The purpose of this study was to explore employees’ experiences of how to promote workplace health at the present time and for the end of working life. Therefore, we chose an exploratory design and a qualitative method and selected participants aged 50 years and older who were working in the company and were planning to continue working for the company into old age. To only include one workplace could be a limitation, but because it was a big company in an industrial setting with different work tasks, we obtained a wide variety of thoughts and experiences. However, it is of importance to take other settings into consideration because other settings of working life today is civil servants in healthcare, schools, and service sector and these employed face the same need for a healthy work into old age. In order to have a broad discussion, and because this issue is not very well researched, we used focus group interviews. Individual interviews would have been another choice, but with the findings from this study there is a better basis for directing individual questions for further research on this topic. We used a thematic analysis, which is a suitable method for analysing focus group discussions.

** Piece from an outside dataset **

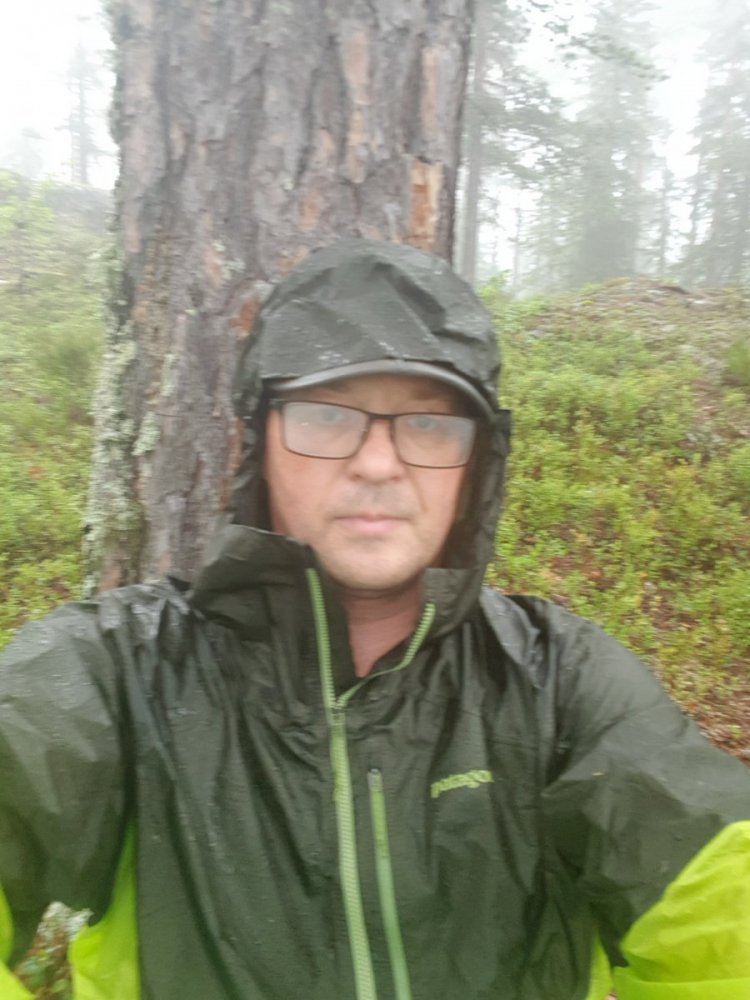 Ut på en tur i pøsregn og skodde. Måtte lufte litt i ermene for å drenere ut svetten regelmessig! Uansett kaffe måte kokes.
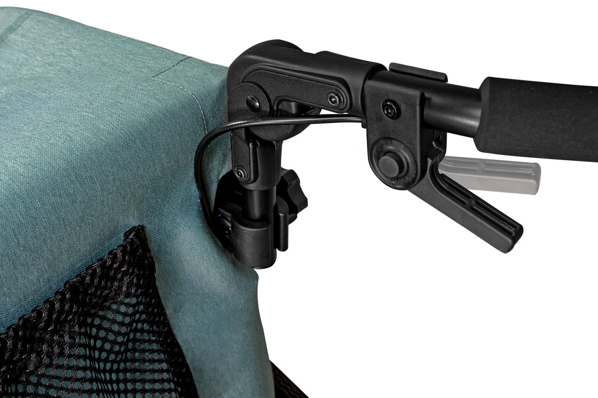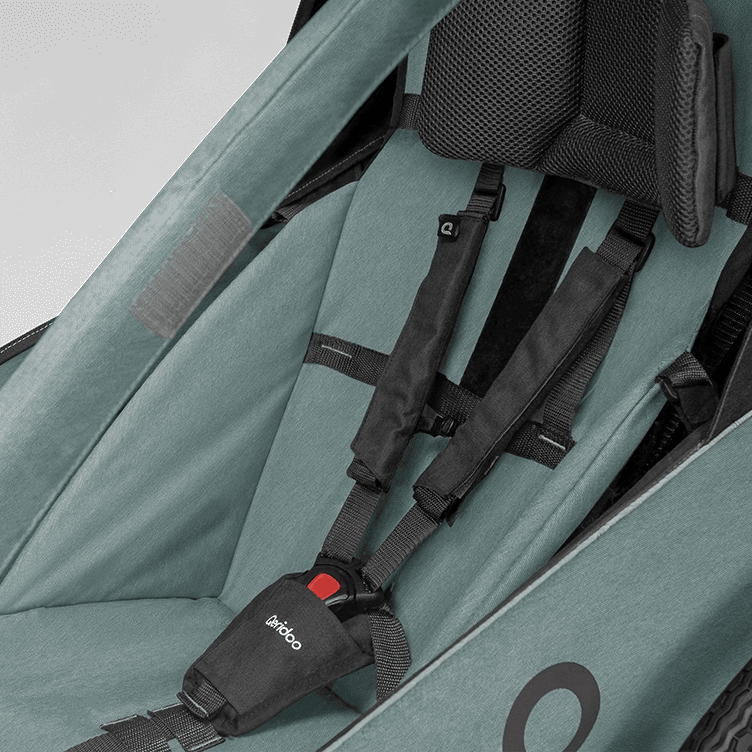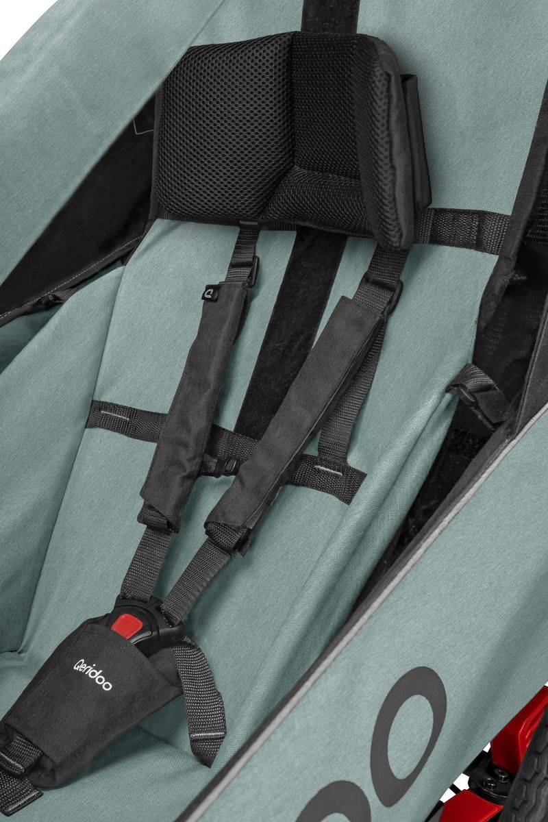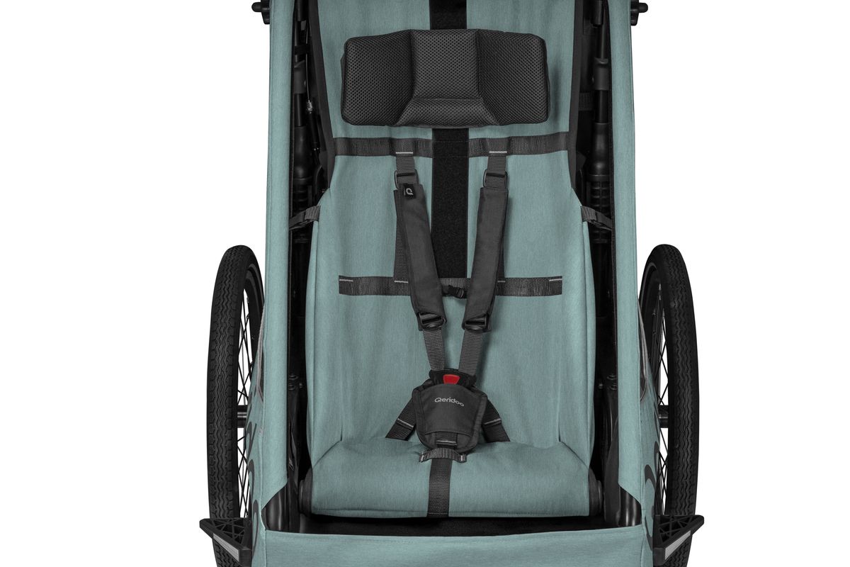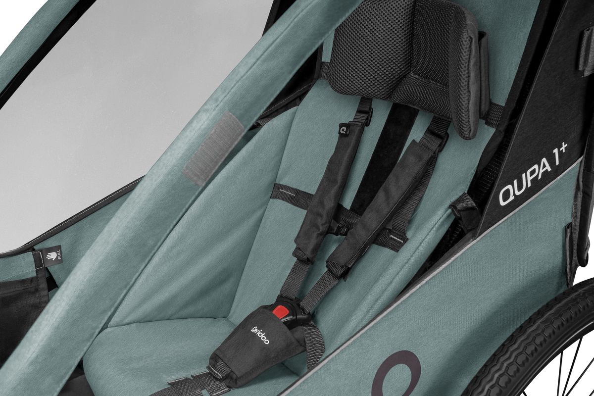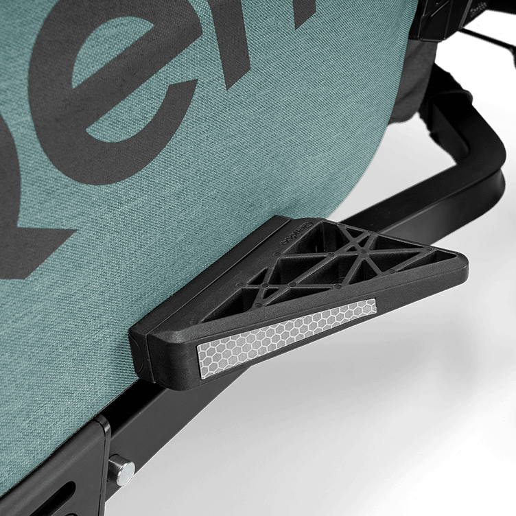 Im Innenraum sorgt ein individuell anpassbares 5-Punkt-Gurtsystem für sicheren und komfortablen Halt. Für maximale Sichtbarkeit im Straßenverkehr sind Rücklicht, Front- und Heckreflektoren, Reflektorstreifen an den Laufrädern und im Stoffdesign sowie ein Sicherheitswimpel enthalten, der im Fahrradmodus verpflichtend montiert sein muss.

The findings in this study were evaluated in terms of trustworthiness, which could be demonstrated through credibility, dependability, and transferability [34]. Our study’s credibility was strengthened by the process of choosing participants and the data collection method. Furthermore, the presentation of the analysis process and the quotations from the participants strengthen the credibility. To enhance the dependability, there were discussions between all of the researchers during the analysis (two nurses, one physiotherapist, and one economist). A careful description of the study population, data collection, and data analysis was provided, and this makes it possible to estimate the transferability of the study results.

5. Conclusions

The experiences regarding health promotion at work at the present time and for the end of working life were seen from employees’ perspectives in an industrial setting. The findings showed that the employees have to handle changes in a changeable workplace and the employees meant that they need temporary staff when the work conditions changed. Further, the employees highlighted that both themselves and the managers at the workplace have to take responsibility for health concerns. There was also a need for confirmation for feeling needed and the employees meant that this was of importance for their health. Finally, support and tolerance have to be adapted for each employee in order to work longer. Promoting health should be an urgent mission for employees themselves as well as managers and the OHS in order to support employees in working into old age. The health promotion must be suitable for each employee and should be designed in such a way as to avoid inequality in workplace health between older and younger employees. Further research is needed in this area and from other settings such as civil servants in healthcare, schools, and service sector.

Data Availability

Data field notes and transcriptions from the focus group interviews are available at Halmstad University.

Conflicts of Interest

The authors declare that they have no conflicts of interest.

Acknowledgments

This work was supported by the Knowledge Foundation and The School of Business, Engineering and Science and the School of Social and Health Sciences at Halmstad University.